Детство - критический период в развитии человека: дети, растущие в бедности, с меньшей вероятностью будут успешны в учебе, здоровы и полностью реализуют свой потенциал во взрослой жизни. Тем не менее с начала 90-х гг. при стабилизации общих относительных показателей бедности более чем в половине стран ОЭСР детская бедность увеличилась. Причины более менее очевидны: два основных социальных института, определяющих экономическое положение подрастающего поколения - рынок труда и семья

- в последние годы сильно изменились. Межстрановые различия в объеме и глубине детской бедности определяются различиями в составе семей, уровне занятости родителей, интенсивности их работы. Хотя риск бедности наиболее высок в семьях, где родители не имеют работы, но занятость не обеспечивает достаточной защиты для выхода из состояния бедности. Страны с низким уровнем детской бедности (менее 5% - в основном Скандинавские государства) сочетают низкий уровень семейной безработицы с эффективной перераспределительной политикой (использование целевой поддержки вместе с универсальными детскими пособиями) и развитием сферы социальных услуг. Высокие показатели бедности среди детей (выше среднего уровня 13%) и выше показателей по всему населению отмечаются в государствах англо-саксонской группы (США, Канада) и странах Южной Европы (Италия, Испания), где выше не только показатели объема, но и глубины бедности [Thevenon, 2018. P. 15]. Сложно найти оптимальный баланс между защитой семьи с детьми и «ловушкой бедности», дестимулирующей поиск работы взрослыми членами семьи.
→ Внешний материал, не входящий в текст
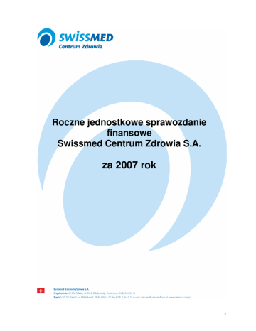 Roczne jednostkowe sprawozdanie finansowe Swissmed Centrum Zdrowia S.A. za 2007 rok 1 Swissmed Centrum Zdrowia S.A. Roczne jednostkowe sprawozdanie finansowe Swissmed Centrum Zdrowia S.A. za okres od 01.01.2007 r. do 31.12.2007 r. (kwoty wyrażone są w tys. zł, o ile nie podano inaczej SPIS TREŚCI I. WYBRANE DANE FINANSOWE, ZAWIERAJĄCE PODSTAWOWE POZYCJE JEDNOSTKOWEGO SPRAWOZDANIA FINANSOWEGO ......................................................................3 II. JEDNOSTKOWE SPRAWOZDANIE FINANSOWE ZA 2007 ROK ....................................................4 II.I. WSTĘP DO JEDNOSTKOWEGO SPRAWOZDANIA FINANSOWEGO ZA 2007 ROK...... 4 II.II. JEDNOSTKOWY BILANS NA DZIEŃ 31 GRUDNIA 2007 ROKU ....................................... 7 II.III. JEDNOSTKOWY RACHUNEK ZYSKÓW I STRAT SWISSMED CENTRUM ZDROWIA S.A. ZA 2007 ROK .......................................................................................................................... 8 II.IV. ZESTAWIENIE ZMIAN W KAPITALE WŁASNYM ZA 2007 ROK ....................................... 9 II.V. RACHUNEK PRZEPŁYWÓW PIENIĘŻNYCH ZA 2007 ROK ............................................ 10 II.VI. INFORMACJA DODATKOWA DO JEDNOSTKOWEGO SPRAWOZDANIA FINANSOWEGO ZA OKRES OD 01.01.2007 r. DO 31.12.2007 r. .............................................. 11 1. ZASADY PRZYJĘTE PRZY SPORZĄDZANIU JEDNOSTKOWEGO SPRAWOZDANIA FINANSOWEGO ZA 2007 ROK.....................................................................................................11 2. ZASADY ZARZĄDZANIA RYZYKIEM ORAZ DZIAŁANIA ZABEZPIECZAJĄCE .......................19 3. WAŻNE OSZACOWANIA I OSĄDY KSIĘGOWE .........................................................................19 4. NOTY OBJAŚNIAJĄCE DO ROCZNEGO JEDNOSTKOWEGO SPRAWOZDANIA FINANSOWEGO SWISSMED CENTRUM ZDROWIA S.A. ZA OKRES OD 01.01.2007 r. DO 31.12.2007 r.............................................................................20 5. POZOSTAŁE DANE OBJAŚNIAJĄCE..........................................................................................34 2 Swissmed Centrum Zdrowia S.A. Roczne jednostkowe sprawozdanie finansowe Swissmed Centrum Zdrowia S.A. za okres od 01.01.2007 r. do 31.12.2007 r. (kwoty wyrażone są w tys. zł, o ile nie podano inaczej I. WYBRANE DANE FINANSOWE, ZAWIERAJĄCE PODSTAWOWE POZYCJE JEDNOSTKOWEGO SPRAWOZDANIA FINANSOWEGO (RÓWNIEŻ PRZELICZONE NA EURO) WYBRANE DANE FINANSOWE Swissmed Centrum Zdrowia S.A. w tys. zł 2007 w tys. EUR 2006 2007 2006 Przychody netto ze sprzedaży produktów, towarów i usług 22 430 17 398 5 939 4 462 Zysk ( strata) z działalności operacyjnej -3 547 -7 904 -939 -2 027 Zysk ( strata ) przed opodatkowaniem -3 800 -9 148 -1 006 -2 346 Zysk netto, z tego przypadający -3 467 -10 278 -918 -2 636 akcjonariuszom podmiotu dominującego -3 467 -10 278 -918 -2 636 Przepływy pieniężne netto z działalności operacyjnej -3 836 -6 483 -1 016 -1 663 Przepływy pieniężne netto z działalności inwestycyjnej -4 484 -1 908 -1 187 -489 Przepływy pieniężne netto z działalności finansowej -2 480 19 734 -657 5 061 -10 800 11 343 -2 860 2 909 35 093 42 467 9 797 11 085 5 072 8 979 1 416 2 344 Przepływy pieniężne netto razem Aktywa razem Zobowiązania i rezerwy na zobowiązania Zobowiązania długoterminowe 702 894 196 233 Zobowiązania krótkoterminowe 4 370 8 085 1 220 2 110 Kapitał własny 30 021 33 488 8 381 8 741 Kapitał przypadający akcjonariuszom podmiotu dominującego 30 021 33 488 8 381 8 741 Kapitał akcyjny 47 595 47 595 13 287 12 423 47 594 839 47 594 839 47 594 839 47 594 839 -0,07 -0,37 -0,02 -0,09 0,63 0,70 0,18 0,18 Liczba akcji Zysk ( strata ) na jedną akcję zwykłą (zł) Wartość księgowa na jedną akcję (w zł /EUR) Do wyliczenia wielkości w EURO zastosowano następujące kursy: OPIS 2007 2006 Kurs średni NBP (przeliczenie pozycji rachunku zysków i strat oraz rachunku przepływów pieniężnych) 3,7768 3,8991 Kurs na ostatni dzień okresu (przeliczenie pozycji bilansu) 3,5820 3,8312 a) przychody netto ze sprzedaży produktów, towarów i materiałów, zysk z działalności operacyjnej, zysk brutto i zysk netto oraz przepływy pieniężne netto z działalności operacyjnej, przepływy pieniężne netto z działalności inwestycyjnej, przepływy pieniężne netto z działalności finansowej i przepływy pieniężne netto za okres od 01.01.2007 roku do 31.12.2007 roku, obliczono przyjmując średni kurs EURO według kursu stanowiącego średnią arytmetyczną średnich kursów NBP na ostatni dzień poszczególnych 12 miesięcy 2007 roku, tj.: 3,7768 PLN/EURO, b) przychody netto ze sprzedaży produktów, towarów i materiałów, zysk z działalności operacyjnej, zysk brutto i zysk netto oraz przepływy pieniężne netto z działalności operacyjnej, przepływy pieniężne netto z działalności inwestycyjnej, przepływy pieniężne netto z działalności finansowej i przepływy pieniężne netto za okres porównywalny, tj. od 01.01.2006 roku do 31.12.2006 roku, obliczono przyjmując średni kurs EURO według kursu stanowiącego średnią arytmetyczną średnich kursów NBP na ostatni dzień poszczególnych 12 miesięcy 2006 roku, tj.: 3,8991 PLN/EURO, c) aktywa razem, zobowiązania i rezerwy na zobowiązania, zobowiązania długoterminowe, zobowiązania krótkoterminowe, kapitał własny oraz kapitał zakładowy na 31.12.2007 roku obliczono przyjmując średni kurs EURO ogłoszony przez NBP na dzień 31.12.2007 roku tj. 3,5820 PLN/EURO, d) aktywa razem, zobowiązania i rezerwy na zobowiązania, zobowiązania długoterminowe, zobowiązania krótkoterminowe, kapitał własny oraz kapitał zakładowy na 31.12.2006 roku obliczono przyjmując średni kurs EURO ogłoszony przez NBP na dzień 31.12.2006 roku tj. 3,8312 PLN/EURO. 3 Swissmed Centrum Zdrowia S.A. Roczne jednostkowe sprawozdanie finansowe Swissmed Centrum Zdrowia S.A. za okres od 01.01.2007 r. do 31.12.2007 r. (kwoty wyrażone są w tys. zł, o ile nie podano inacz

Во многих странах социальные пособия переводятся из системы гарантированного минимального дохода в систему социальной поддерживающей сети, гарантирующей получение пособия при наличии занятости. Но данный переход оставляет незащищенными семьи при возникновении периодической незанятости. Еще один вопрос: что эффективнее - денежные пособия или социальные услуги? Существует ряд аргументов в пользу предоставления помощи в натуральной форме, которая автоматически корректируется в соответствии с инфляцией и больше отвечает потребностям детей. Но помощь в натуральной форме обходится дороже государству, чем денежные пособия.

Социальное государство или государство участия?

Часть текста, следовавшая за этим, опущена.